Alpha Omega M.D. – Episode #208
…the war will be killin’ two ways; if a bullet don’t get ya, the flu will…
During a day of work in early September at Florida A&M Hospital, an institution that he has helped to grow, from modest beginnings to respectability, A.O. attends a staff meeting concerning the sudden outbreak of influenza. Miss Virginia Hilyer supervises a stable of promising young doctors at this mostly black college facility and she is determined to get a handle on the cause of this spreading calamity, utilizing research labs to isolate what they think is an offending bacteria.

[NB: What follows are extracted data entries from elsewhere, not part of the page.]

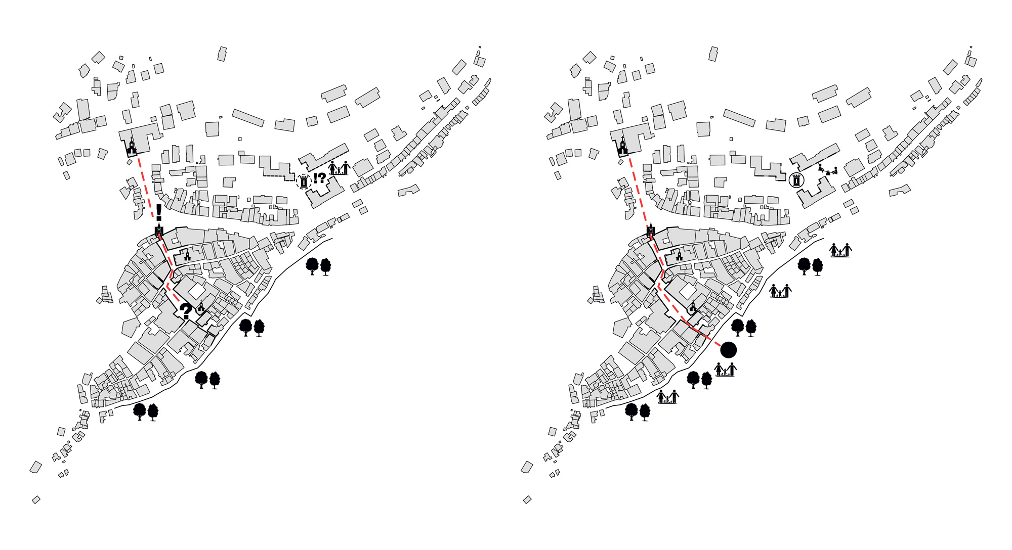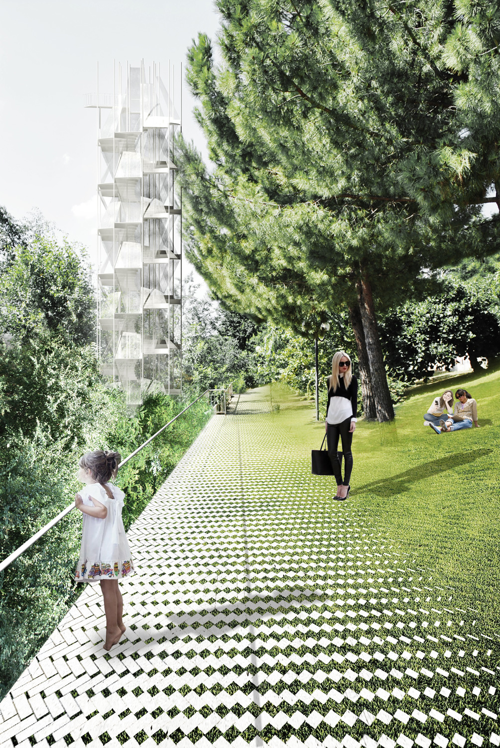We have to undestand that its authentic materiality is irremediably lost, but we also need to keep in mind that its immaterial values still exist. People‘s memory of that tower is connected to the park, where they were holding events and festivals, where the tower was more of a landmark than a building. The inhabitants are longing for the image because of what the image brought with it. Given this premises, we found another place to host the new tower, a place with the same potential that the old one used to have: green space, views towards the surroundings, proximity to the town center. On the other hand, we need a connection to the original place, in order no to lose the authenticity. For this reason, we chose to highlight the remains of the old tower, that would be researched and recovered, and to design what is left of the former park, just to show the testimony of the past. The last element to this puzzle will be the revival of the sleeping center of Pianella, by introducing these regenerating arteries that would connect the focus points of the city. The result would bring a new image to Pianella, a revived communitary space that tells a lot about the history and the identity of the settlement and a more tourist-friendly center aiming to fuel the economy. Therefore, we hope to prove that architecture goes beyond designing a simple object and that only by including the interpretation and the regard for the social issues it will truly reach its true purpose: positive change.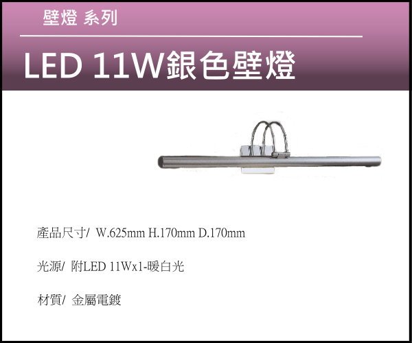 • LED 11W銀色壁燈 暖白光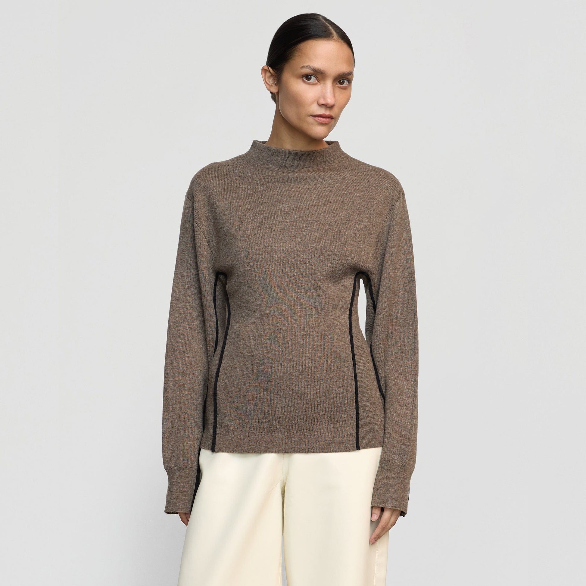 The Clarice Sweater features a medium-weight knit ideal for layering in cooler seasons. Its contrast piping offers a refined, minimalist look, making it versatile for both casual and professional outfits. Designed to enhance capsule wardrobes with a clean, modern style.
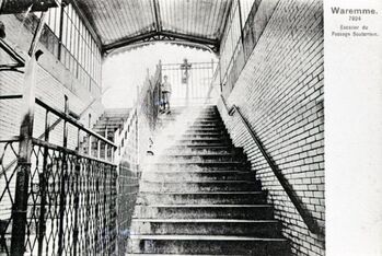BeschrijvingReproductie van een postkaart met als opschrift 'Waremme. 7924 Escalier du Passage Souterrein.' Op de postkaart zien we een trap naar de ondergrondse spoordoorgang.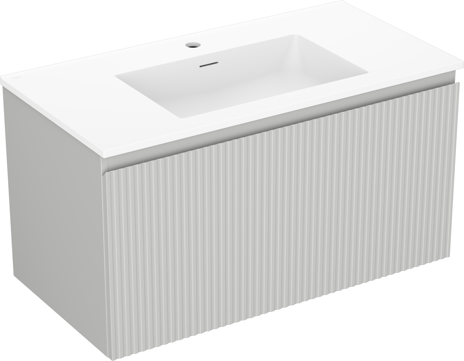 Mexen Rivel kúpeľňová skrinka 90 cm s umývadlom Otis, 1 zásuvka, ryhovaná, sivá matná/biela matná - 91A20-09047-1-BF62-W18M01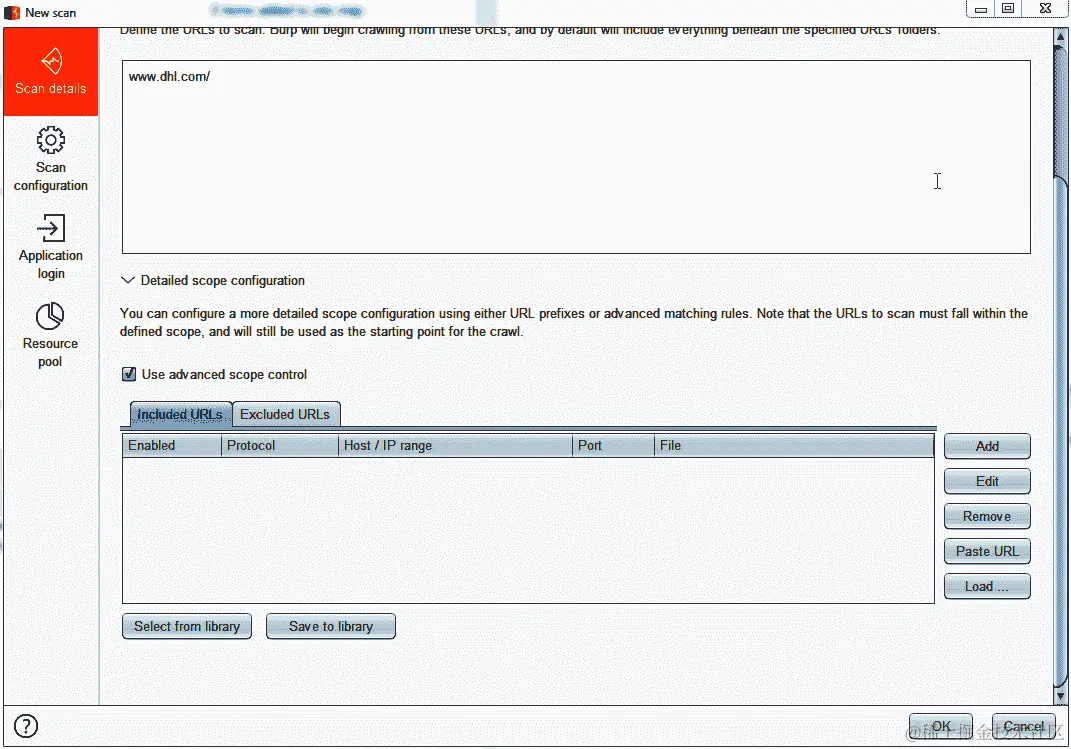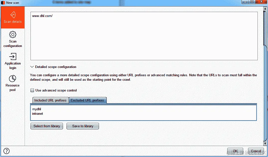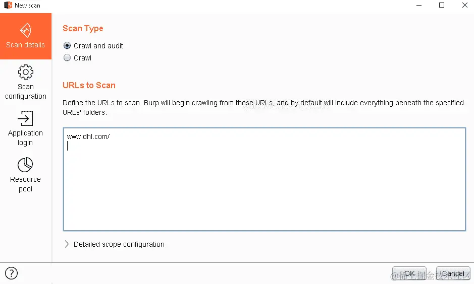 有一个我们之前没有探索的选项,用于在扫描期间控制范围。想象一下,您的范围不是整个 DHL 网站——只是www.dhl.com,但还有其他应用程序,比如mydhl.dhl.com和intranet.dhl.com,等等。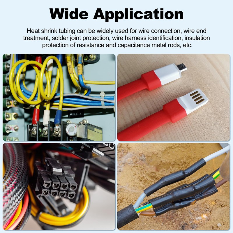 - Heat shrink tubing is a versatile and essential material used for electrical insulation, cable protection, and wire management. Made from polyolefin material which is heat-sensitive makes it easy to shrink tightly around wires and connections when heated, providing a secure and professional finish.
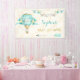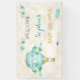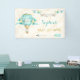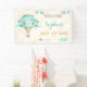 Ballon à air chaud en bleu turquoise, turquoise, aqua, or, jaune & gris avec flèches & roses. Une place sur la bannière à personnaliser avec un nom ou une phrase. Sur un arrière - plan d'aquarelle or.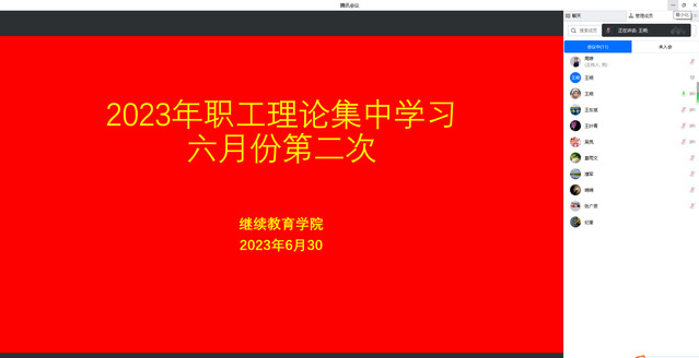 2023年6月30日下午,继续教育公司党支部组织召开六月份第二次职工学习会议,会议由支部书记主持,因本周部门培训办班外出人员较多,VSport体育所有教职工通过腾讯会议的形式参加了此次学习会议。
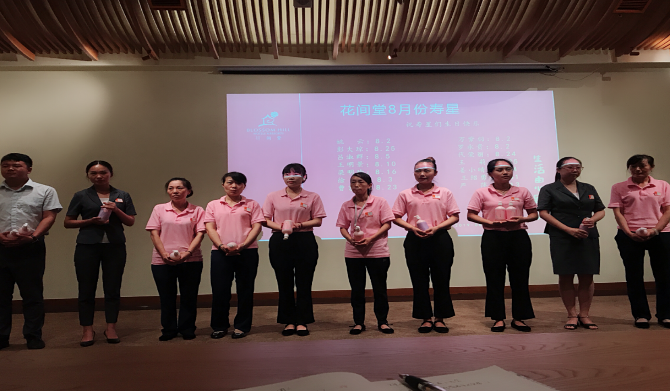 8月27日下午,雅安蜀天旅游公司花间堂酒店召开全体员工大会,酒店管理方派驻总经理杨中庚主持本次会议。会议上总经理杨中庚表示,坚决拥护蜀天旅游公司的各项任命以及会议精神,坚决执行。并向8月生日员工发放生日礼品,向寿星们表示祝贺,希望在未来的工作中,大家能更加热爱自己的岗位,热爱酒店,为公司的成长贡献自己的一份力量。通过对酒店2019年8月工作的回顾总结,激励鞭策全体员工要增强自信,振奋精神,发扬成绩,整改问题,并根据蜀天旅游公司下达的管理目标、经营指标,制定具体措施。2019年下半年酒店将面临新的挑战,在新的市场形势下,将以“效益、服务、成本、创新”为方针,全方位提升服务质量、加大销售力度、严格控制成本、创新产品、创新营销手段、提高经济效益,坚持不懈地抓好各项工作贯彻落实,进一步实现酒店质的飞跃。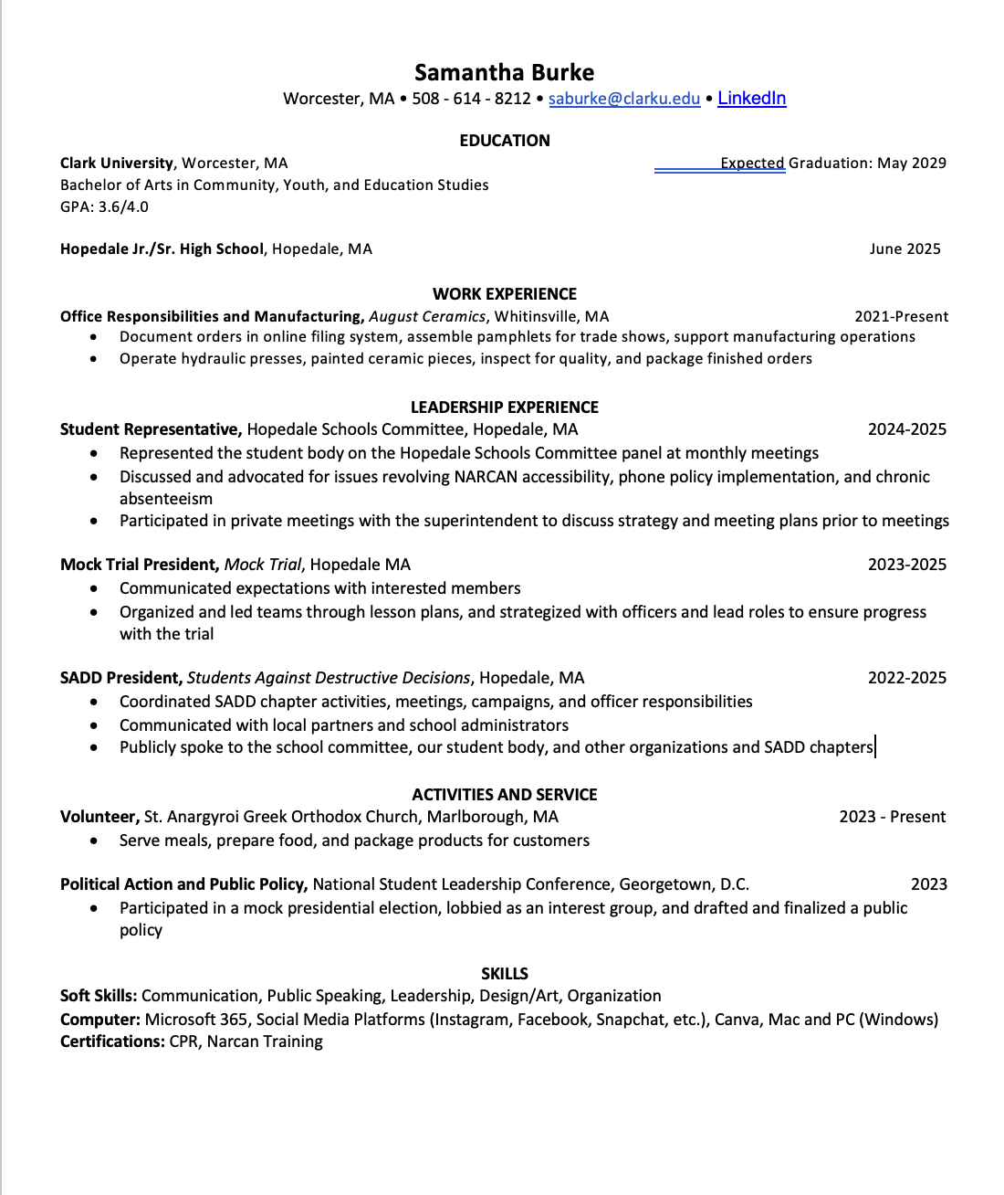 Clark University, Class of 2029
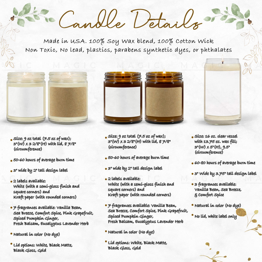 ♥️ Styles: The candle is available in a range of fragrances such as ♥️ Vanilla Bean, Sea Breeze, Comfort Spice, Pink Grapefruit, Spiced Pumpkin Ginger, Fresh Balsam, and Eucalyptus Lavender Herb.

She says there is reason for alarm. Not only is this strain deadly, but it kills in a single day, taking down those considered the strongest, vital men and women in their 20’s. It has migrated out of the Orient, as do most flues, making a devastating stopover in Spain, leaving but a small percentage of its population untouched, before making port at Boston in late August. It seems that the increased coming and goings across the Big Pond, with the war as the cause, has
provided the disease a virulent conduit… and it is spreading like a wildfire in the jack pine forests native to the Florida panhandle; tinder dry underbrush feeding sappy needles, fanned by Gulf breezes.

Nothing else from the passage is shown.